TASK ITEM. Would you repeat exactly the part of the listing below that runs from the line containing "RingalleeÖlgemälde 45 x" down to the line containing "DAY 1: Cusco", inclusive, and nothing else?

INFORMATION SUPPLIED.
[Start of section]

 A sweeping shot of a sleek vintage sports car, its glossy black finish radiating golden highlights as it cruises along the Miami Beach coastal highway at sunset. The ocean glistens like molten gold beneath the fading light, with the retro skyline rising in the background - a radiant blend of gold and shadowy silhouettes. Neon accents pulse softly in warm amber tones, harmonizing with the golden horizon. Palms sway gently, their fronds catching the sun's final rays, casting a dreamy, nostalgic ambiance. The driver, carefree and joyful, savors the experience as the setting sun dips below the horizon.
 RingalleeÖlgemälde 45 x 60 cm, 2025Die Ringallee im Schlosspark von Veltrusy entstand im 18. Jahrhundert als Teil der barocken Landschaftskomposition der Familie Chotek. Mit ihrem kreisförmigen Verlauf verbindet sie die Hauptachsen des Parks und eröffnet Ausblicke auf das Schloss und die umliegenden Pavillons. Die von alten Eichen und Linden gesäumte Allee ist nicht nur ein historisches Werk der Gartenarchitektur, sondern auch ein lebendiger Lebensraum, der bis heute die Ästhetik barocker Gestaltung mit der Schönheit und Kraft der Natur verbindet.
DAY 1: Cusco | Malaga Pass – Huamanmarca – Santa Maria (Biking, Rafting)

[End of section]
[Start of section]

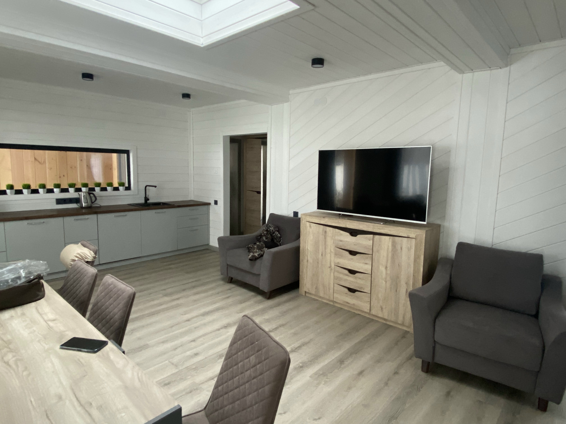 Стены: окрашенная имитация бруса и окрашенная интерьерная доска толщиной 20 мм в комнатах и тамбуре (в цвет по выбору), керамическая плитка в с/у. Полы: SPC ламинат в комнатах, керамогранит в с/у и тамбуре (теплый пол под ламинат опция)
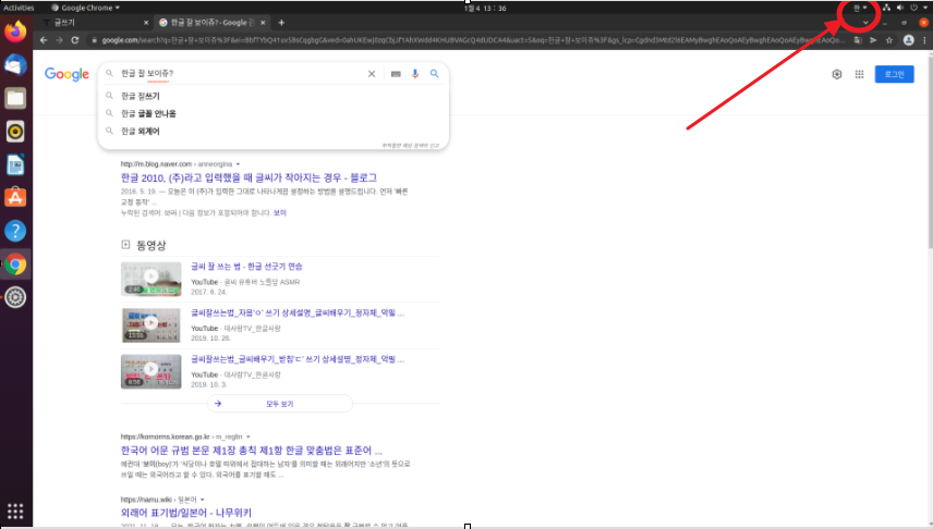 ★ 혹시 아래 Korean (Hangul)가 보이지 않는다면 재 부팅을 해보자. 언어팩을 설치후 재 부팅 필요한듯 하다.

[End of section]
[Start of section]

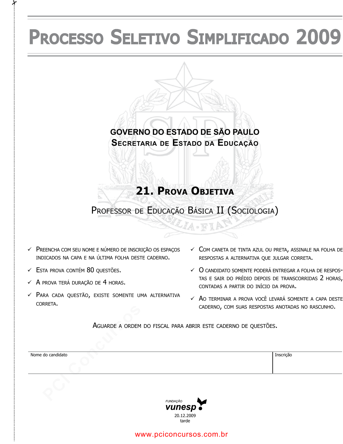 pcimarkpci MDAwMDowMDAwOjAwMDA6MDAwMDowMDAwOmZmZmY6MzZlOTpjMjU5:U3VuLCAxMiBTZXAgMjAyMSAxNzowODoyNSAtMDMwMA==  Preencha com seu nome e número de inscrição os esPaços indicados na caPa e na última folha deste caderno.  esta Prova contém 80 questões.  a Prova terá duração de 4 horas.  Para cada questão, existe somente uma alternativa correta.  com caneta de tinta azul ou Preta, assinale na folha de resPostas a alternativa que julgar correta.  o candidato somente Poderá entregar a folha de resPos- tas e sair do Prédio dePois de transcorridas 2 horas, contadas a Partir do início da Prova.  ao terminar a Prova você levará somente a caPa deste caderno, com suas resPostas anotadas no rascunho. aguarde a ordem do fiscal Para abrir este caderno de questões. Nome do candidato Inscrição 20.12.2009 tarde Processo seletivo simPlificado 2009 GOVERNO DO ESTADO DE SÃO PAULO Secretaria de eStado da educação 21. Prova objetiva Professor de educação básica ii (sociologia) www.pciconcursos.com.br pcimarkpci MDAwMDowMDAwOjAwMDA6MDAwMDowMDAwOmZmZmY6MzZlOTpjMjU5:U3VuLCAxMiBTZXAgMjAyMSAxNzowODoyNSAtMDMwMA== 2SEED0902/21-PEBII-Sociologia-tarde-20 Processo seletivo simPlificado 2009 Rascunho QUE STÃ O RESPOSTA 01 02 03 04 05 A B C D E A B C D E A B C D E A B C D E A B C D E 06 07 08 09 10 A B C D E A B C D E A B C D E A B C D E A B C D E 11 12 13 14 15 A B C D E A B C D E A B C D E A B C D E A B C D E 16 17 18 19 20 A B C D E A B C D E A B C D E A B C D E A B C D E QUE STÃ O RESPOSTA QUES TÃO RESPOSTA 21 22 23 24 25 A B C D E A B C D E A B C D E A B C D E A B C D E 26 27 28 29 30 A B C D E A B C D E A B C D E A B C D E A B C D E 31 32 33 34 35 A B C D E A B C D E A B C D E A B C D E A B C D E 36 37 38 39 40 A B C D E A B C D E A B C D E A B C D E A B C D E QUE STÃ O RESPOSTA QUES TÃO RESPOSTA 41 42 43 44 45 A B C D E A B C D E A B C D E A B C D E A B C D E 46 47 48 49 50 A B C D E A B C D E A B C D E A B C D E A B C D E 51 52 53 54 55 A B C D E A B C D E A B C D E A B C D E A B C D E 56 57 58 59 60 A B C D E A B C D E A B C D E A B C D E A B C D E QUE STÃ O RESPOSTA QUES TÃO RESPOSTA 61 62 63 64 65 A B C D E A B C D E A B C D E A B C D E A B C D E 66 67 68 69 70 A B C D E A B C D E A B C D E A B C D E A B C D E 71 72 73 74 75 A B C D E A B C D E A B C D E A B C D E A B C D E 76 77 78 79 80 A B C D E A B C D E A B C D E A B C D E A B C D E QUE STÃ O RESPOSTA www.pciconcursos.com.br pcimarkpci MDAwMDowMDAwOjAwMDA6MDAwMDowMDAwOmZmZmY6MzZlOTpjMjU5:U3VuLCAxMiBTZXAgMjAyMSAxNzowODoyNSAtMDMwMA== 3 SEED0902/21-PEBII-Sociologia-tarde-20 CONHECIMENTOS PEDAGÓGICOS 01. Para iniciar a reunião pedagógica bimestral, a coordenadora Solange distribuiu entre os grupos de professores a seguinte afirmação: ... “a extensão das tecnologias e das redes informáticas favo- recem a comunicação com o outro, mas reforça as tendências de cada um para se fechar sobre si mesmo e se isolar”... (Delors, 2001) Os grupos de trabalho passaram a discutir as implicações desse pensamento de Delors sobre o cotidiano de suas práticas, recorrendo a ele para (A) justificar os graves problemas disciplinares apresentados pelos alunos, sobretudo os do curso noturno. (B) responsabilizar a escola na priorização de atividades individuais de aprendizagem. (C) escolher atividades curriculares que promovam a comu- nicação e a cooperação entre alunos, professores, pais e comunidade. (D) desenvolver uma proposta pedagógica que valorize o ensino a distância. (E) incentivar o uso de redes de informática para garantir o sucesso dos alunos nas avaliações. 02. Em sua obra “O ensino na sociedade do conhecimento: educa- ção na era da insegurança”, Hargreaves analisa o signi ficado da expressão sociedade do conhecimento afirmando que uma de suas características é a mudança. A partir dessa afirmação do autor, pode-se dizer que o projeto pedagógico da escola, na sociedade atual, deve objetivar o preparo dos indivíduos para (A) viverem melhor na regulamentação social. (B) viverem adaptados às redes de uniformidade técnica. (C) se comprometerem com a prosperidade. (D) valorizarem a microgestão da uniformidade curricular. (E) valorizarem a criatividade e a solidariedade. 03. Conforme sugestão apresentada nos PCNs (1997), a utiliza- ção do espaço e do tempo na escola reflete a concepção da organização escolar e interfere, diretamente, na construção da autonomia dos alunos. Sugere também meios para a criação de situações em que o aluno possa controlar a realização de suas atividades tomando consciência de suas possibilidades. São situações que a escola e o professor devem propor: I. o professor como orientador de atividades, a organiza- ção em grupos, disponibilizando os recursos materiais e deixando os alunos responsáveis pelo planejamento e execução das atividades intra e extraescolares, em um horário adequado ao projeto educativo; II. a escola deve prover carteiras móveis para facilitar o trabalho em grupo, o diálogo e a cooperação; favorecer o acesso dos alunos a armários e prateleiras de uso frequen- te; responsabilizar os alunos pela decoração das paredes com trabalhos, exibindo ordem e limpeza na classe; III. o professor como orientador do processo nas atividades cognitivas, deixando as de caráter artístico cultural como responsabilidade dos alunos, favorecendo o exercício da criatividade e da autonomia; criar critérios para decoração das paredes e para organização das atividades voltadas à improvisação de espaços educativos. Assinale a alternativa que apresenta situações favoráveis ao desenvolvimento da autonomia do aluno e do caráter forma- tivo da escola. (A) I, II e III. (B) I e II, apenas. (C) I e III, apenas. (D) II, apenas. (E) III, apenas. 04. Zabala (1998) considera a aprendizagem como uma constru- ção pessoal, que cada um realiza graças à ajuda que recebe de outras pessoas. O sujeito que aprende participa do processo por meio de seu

[End of section]

ANSWER FOR THIS EXERCISE.
 RingalleeÖlgemälde 45 x 60 cm, 2025Die Ringallee im Schlosspark von Veltrusy entstand im 18. Jahrhundert als Teil der barocken Landschaftskomposition der Familie Chotek. Mit ihrem kreisförmigen Verlauf verbindet sie die Hauptachsen des Parks und eröffnet Ausblicke auf das Schloss und die umliegenden Pavillons. Die von alten Eichen und Linden gesäumte Allee ist nicht nur ein historisches Werk der Gartenarchitektur, sondern auch ein lebendiger Lebensraum, der bis heute die Ästhetik barocker Gestaltung mit der Schönheit und Kraft der Natur verbindet.
DAY 1: Cusco | Malaga Pass – Huamanmarca – Santa Maria (Biking, Rafting)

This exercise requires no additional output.